▶ _AIM OF THE TASK_: Below is a listing with pictures in it. Copy it exactly without them.

▶ _DATA EXTRACT_:
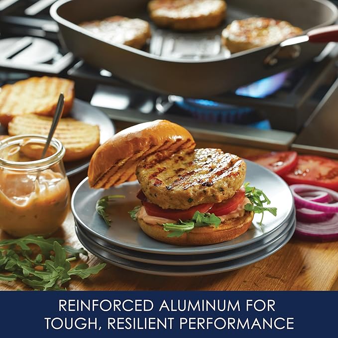 Rachael Ray Cucina Hard-Anodized Nonstick 11-Inch Deep Square Grill Pan, Gray with Cranberry Red Handle - 87632
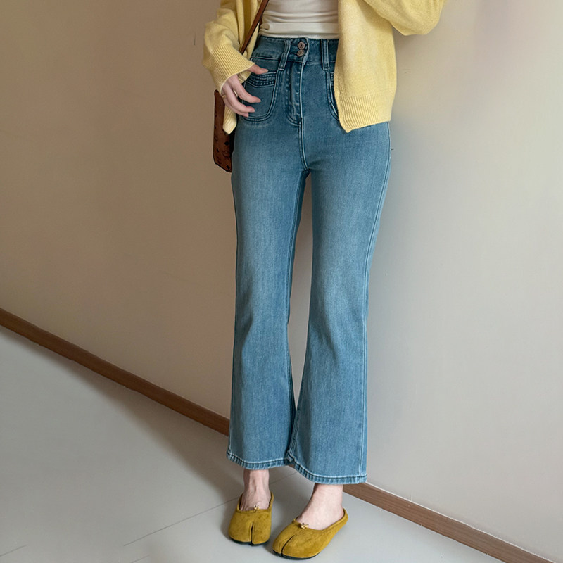 2025早春大码女装蓝色微喇牛仔裤显瘦高腰弹力胖mm韩版修身长裤女
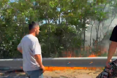 Otluk alandaki yangına yoldan geçen sürücüler, araçlarından çıkardıkları yangın söndürme tüpleriyle müdahale ederken, otoyol kenarına çıkan köylü çocuklar da, yangına müdahale etmek için araçlardan su istedi.

▶ _RESULT_:
 Rachael Ray Cucina Hard-Anodized Nonstick 11-Inch Deep Square Grill Pan, Gray with Cranberry Red Handle - 87632
 2025早春大码女装蓝色微喇牛仔裤显瘦高腰弹力胖mm韩版修身长裤女
 Otluk alandaki yangına yoldan geçen sürücüler, araçlarından çıkardıkları yangın söndürme tüpleriyle müdahale ederken, otoyol kenarına çıkan köylü çocuklar da, yangına müdahale etmek için araçlardan su istedi.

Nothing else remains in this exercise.